The service class SortPair maintains an open ended list of entry-value pairs in sort order by value. Pairs can be retrieved by their value and then the corresponding entry is immediately available. The algorithm underlying the sortpair methods is designed to make the positioning into the list at or near a particular specified value as quick as possible. Once this positioning has been achieved, the operation of writing a new entry to the list is optimal. In particular, the problem is to maintain various lists of values in sorted ascending order. The algorithm needs to be able to add new values to the list with no guarantee that those values were not already there.

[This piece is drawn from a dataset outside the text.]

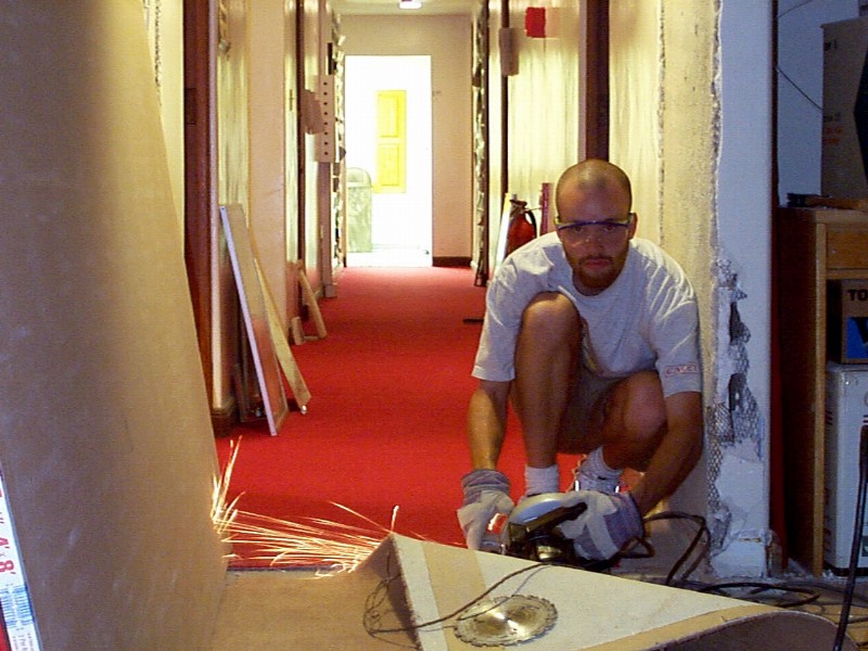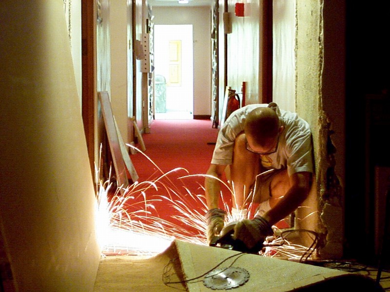 Me cutting through the metal pipe that

To make sorting possible, values are assigned binary representation types and each type has a technique available which compares a current value to another and computes a signed comparison value. A negative value means that the current value is below the other one in their sort order; a zero value means that the two values are equal with regards to their sort order; and a positive value means that the current value is greater than the other one. Using the Java terminolgy we will refer to this technique as "compareTo(newValue,listValue)"

Given that we know how to compare individual values, an addEntryToList algorithm is now needed which will return the index in the sorted list where the new value was stored or a -1 if the value was already in the list. The brute-force way to perform this operation would be to simply scan forward in the list comparing the new value to each value in the list.


int addEntryToList(object list[], object new, int nList)
{
   for(i = 0; i < nList; i++)
   {
     int iRelation = compareTo(object,list[i]));
     if(iRelation == 0) return -1;
     if(iRelation > 0)
     {
        insert object before i in list;
        return i;
     }
  }
  append object to list;
  return nList;
}
The problem is that this brute-force approach has complexity O(n) plus the time required to do the insertion or the appending. Since the list was sorted, it should be possible to locate the value in the list using a binary search with complexity O(log n). But the standard binary search algorithm only gives the location of the entry if it is in the list. No information about where to insert an entry, if it is not in the list is supplied. So using a binary search would improve nothing for entries not yet in the list. The entire forward scan in the above would have to be repeated. The SortPair class, therefore, uses an extension to the binary search referred to as a "search index". A "search index" is a signed integer value that can be associated with any value regardless of whether or not it presently is within the list. Its values are as follows:

Value Meaning
+seq A positive search index means that the entry is presently in the list. The seq value is the sequence number relative to one of the actual position of the entry in the list.
0 A zero value indicates that the entry is not in the list and is below all entries in the sort order.
-seq A negative search index means that the entry is not presently in the list, but it is above some entries now in the list in the sort order. The seq value is the negative sequence number relative to one of that entry in the list immediately below the entry itself.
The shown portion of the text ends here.